I think I broke my ash tray shortly after buying my car. I pulled on it until it came out then it wouldn't stay back in. I realized then that you are probably supposed to push and release so it slides out. I took my car in for service for multiple things and they said this wasn't covered. when I got the car back it was in, but now it slides out over time as I drive. so it still isn't fixed.

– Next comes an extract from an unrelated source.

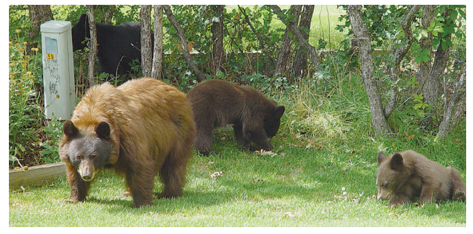
Don't force a mother black bear to defend her cubs.

If you live in or travel to bear country and own a dog, sooner or later your dog may encounter a bear. Understanding why some encounters end peacefully and others end with dogs and people being injured or killed can help keep people, dogs and bears safe.

am i right that it is designed to be pushed so it then slides out? I have a feeling I will have to tear into the dash to fix this..


----------



## MikeTheDiabetic (Mar 16, 2010)

not sure how to fix your problem but if you get another one let me know where you got it cause i am in desperate need of one


----------



## Rukee (Feb 8, 2007)

Duct tape!


----------



## phantom0670 (Oct 15, 2009)

MikeTheDiabetic said:


> not sure how to fix your problem but if you get another one let me know where you got it cause i am in desperate need of one


I was figuring on just finding one out of a car being parted out if I do get one. I'm just guessing, but its probably $100 and takes 2 months to get new from Australia.



Rukee said:


> Duct tape!


In my camaro I probably would have done something like that..maybe electrical tape though :willy:, but I was trying to keep this car nice for a while :cool

My big question though is does it just slide out or do you push it then pull it out?


----------



## aarons1k (May 23, 2008)

I have a extra storage compartment and yes it slides there is a track on the inside of it that has teeth and that is how it hold its self in ....


----------



## Lautinjr (Mar 27, 2010)

phantom0670 said:


> I think I broke my ash tray shortly after buying my car. I pulled on it until it came out then it wouldn't stay back in. I realized then that you are probably supposed to push and release so it slides out. I took my car in for service for multiple things and they said this wasn't covered. when I got the car back it was in, but now it slides out over time as I drive. so it still isn't fixed.
> 
> am i right that it is designed to be pushed so it then slides out? I have a feeling I will have to tear into the dash to fix this..


Yes you push it and it springs out.


----------